(REQUIRED ACTION): Go through the records below and set each one down exactly, leaving out any pictures.

Stored data:
>>>

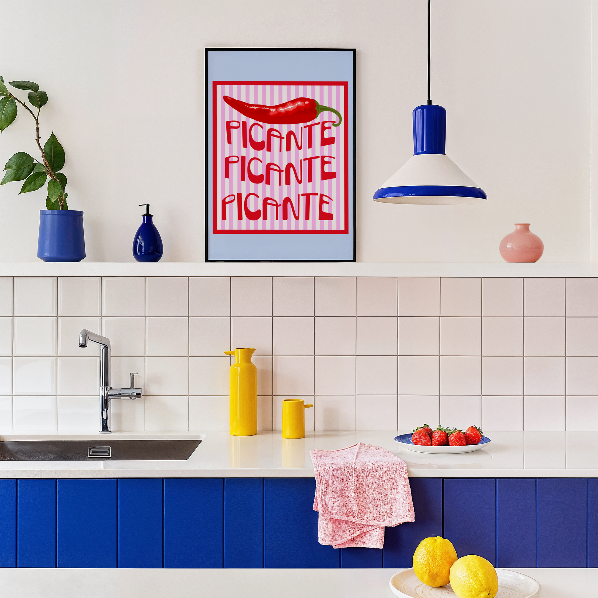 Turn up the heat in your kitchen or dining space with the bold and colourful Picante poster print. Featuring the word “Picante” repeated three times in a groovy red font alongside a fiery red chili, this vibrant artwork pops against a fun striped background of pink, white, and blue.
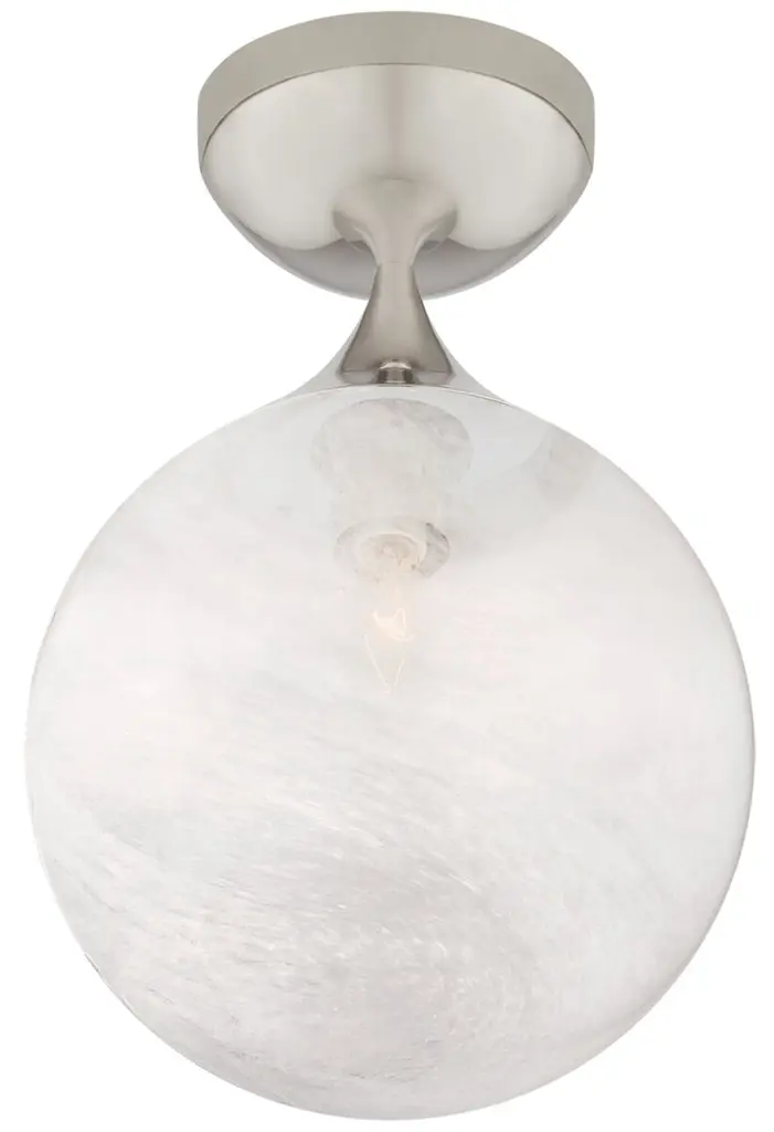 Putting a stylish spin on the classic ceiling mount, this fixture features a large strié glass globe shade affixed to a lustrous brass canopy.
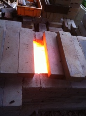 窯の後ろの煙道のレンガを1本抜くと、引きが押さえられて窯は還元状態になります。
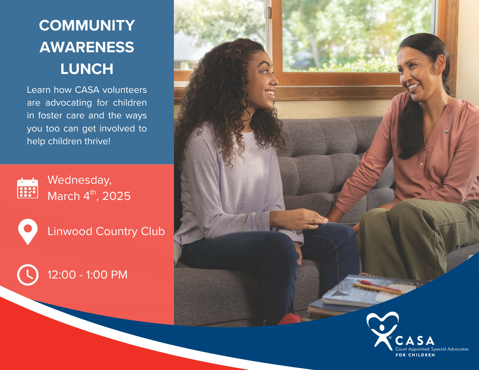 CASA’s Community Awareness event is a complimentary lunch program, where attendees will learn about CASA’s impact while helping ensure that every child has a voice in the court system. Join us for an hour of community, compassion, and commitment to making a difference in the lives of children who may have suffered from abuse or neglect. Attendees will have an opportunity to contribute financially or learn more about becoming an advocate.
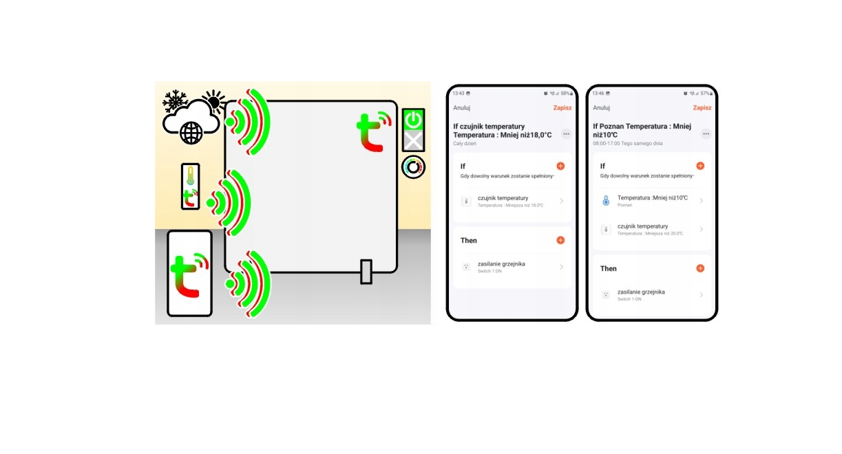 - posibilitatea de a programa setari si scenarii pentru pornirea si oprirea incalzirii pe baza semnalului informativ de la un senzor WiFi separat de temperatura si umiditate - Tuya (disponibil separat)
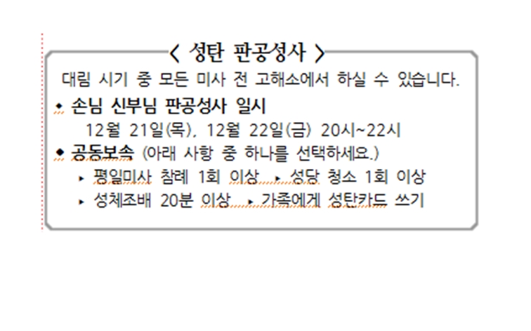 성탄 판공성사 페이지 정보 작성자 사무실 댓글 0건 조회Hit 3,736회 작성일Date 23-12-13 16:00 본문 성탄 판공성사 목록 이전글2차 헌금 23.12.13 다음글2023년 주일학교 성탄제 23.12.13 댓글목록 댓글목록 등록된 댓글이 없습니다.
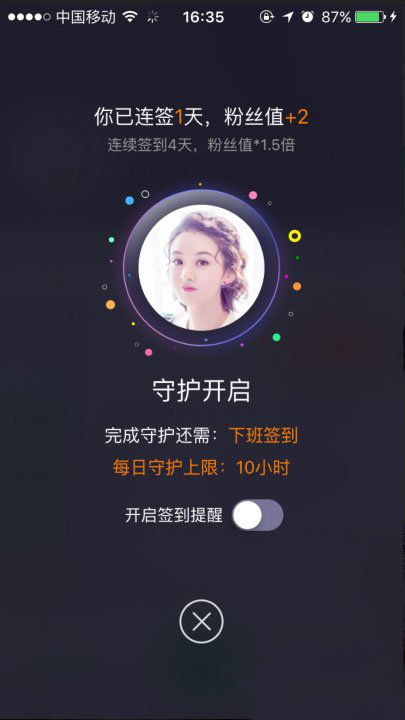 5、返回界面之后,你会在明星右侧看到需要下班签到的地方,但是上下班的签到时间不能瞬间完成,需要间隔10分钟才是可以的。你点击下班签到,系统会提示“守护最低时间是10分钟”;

<<<

(RESULT OF THIS EXERCISE):
 Turn up the heat in your kitchen or dining space with the bold and colourful Picante poster print. Featuring the word “Picante” repeated three times in a groovy red font alongside a fiery red chili, this vibrant artwork pops against a fun striped background of pink, white, and blue.
 Putting a stylish spin on the classic ceiling mount, this fixture features a large strié glass globe shade affixed to a lustrous brass canopy.
 窯の後ろの煙道のレンガを1本抜くと、引きが押さえられて窯は還元状態になります。
 CASA’s Community Awareness event is a complimentary lunch program, where attendees will learn about CASA’s impact while helping ensure that every child has a voice in the court system. Join us for an hour of community, compassion, and commitment to making a difference in the lives of children who may have suffered from abuse or neglect. Attendees will have an opportunity to contribute financially or learn more about becoming an advocate.
 - posibilitatea de a programa setari si scenarii pentru pornirea si oprirea incalzirii pe baza semnalului informativ de la un senzor WiFi separat de temperatura si umiditate - Tuya (disponibil separat)
 성탄 판공성사 페이지 정보 작성자 사무실 댓글 0건 조회Hit 3,736회 작성일Date 23-12-13 16:00 본문 성탄 판공성사 목록 이전글2차 헌금 23.12.13 다음글2023년 주일학교 성탄제 23.12.13 댓글목록 댓글목록 등록된 댓글이 없습니다.
 5、返回界面之后,你会在明星右侧看到需要下班签到的地方,但是上下班的签到时间不能瞬间完成,需要间隔10分钟才是可以的。你点击下班签到,系统会提示“守护最低时间是10分钟”;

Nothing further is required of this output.